* EXERCISE GOAL *
In the listing below, find the line containing "Employment Proposal for Women's Clothing" and the line containing "Technical analysis of". Repeat exactly those two lines and every line between them, nothing more.

* THE INPUT *

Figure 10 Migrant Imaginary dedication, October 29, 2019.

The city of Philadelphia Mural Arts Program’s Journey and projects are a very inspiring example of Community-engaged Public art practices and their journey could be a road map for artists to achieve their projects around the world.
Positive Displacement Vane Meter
==
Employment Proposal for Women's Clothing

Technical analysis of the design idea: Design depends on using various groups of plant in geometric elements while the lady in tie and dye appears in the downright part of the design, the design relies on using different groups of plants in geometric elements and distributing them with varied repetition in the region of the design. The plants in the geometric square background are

* ANSWER TO THE EXERCISE *
Employment Proposal for Women's Clothing

Technical analysis of the design idea: Design depends on using various groups of plant in geometric elements while the lady in tie and dye appears in the downright part of the design, the design relies on using different groups of plants in geometric elements and distributing them with varied repetition in the region of the design. The plants in the geometric square background are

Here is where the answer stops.